While the media spotlight has been more focused on the opioid epidemic in recent years, the meth epidemic received the attention of the Biden Administration, which released an action planto address public health and safety concerns last year due to rising overdose deaths.

Meanwhile, some Colorado libraries remain closed to the public as crews clean up contaminated areas.

In Englewood, where only limited library services are currently available, city officials estimate the cleanup will cost $47,000.

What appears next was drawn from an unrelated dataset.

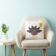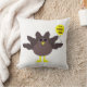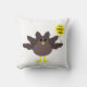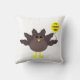 This awesome pillow features a funny cartoon of a turkey with big black eyes, a small yellow beak and tail feathers sticking up. The feet are facing in opposite directions making the turkey look clumsy. The turkey is holding a yellow balloon with a message inside that says “it’s turkey time”. This is a fun thanksgiving party design.

"Our remediation process has begun. It will require a triple application of a mild detergent to clean the affected areas by state-certified experts," Chris Harguth, the director of communications for the City of Englewood, said in an email to Denver7.

Officials in Englewood say they’re also looking at ways to prevent this from happening again and are considering installing sensor devices to help them detect meth and other substances in the future.

Libraries in Englewood, Boulder, Arvada and Littleton closed due to meth contamination in recent weeks.

Anyone interested in participating in the CU Deep Brain Stimulation study can visit the CONA lab website and complete a survey.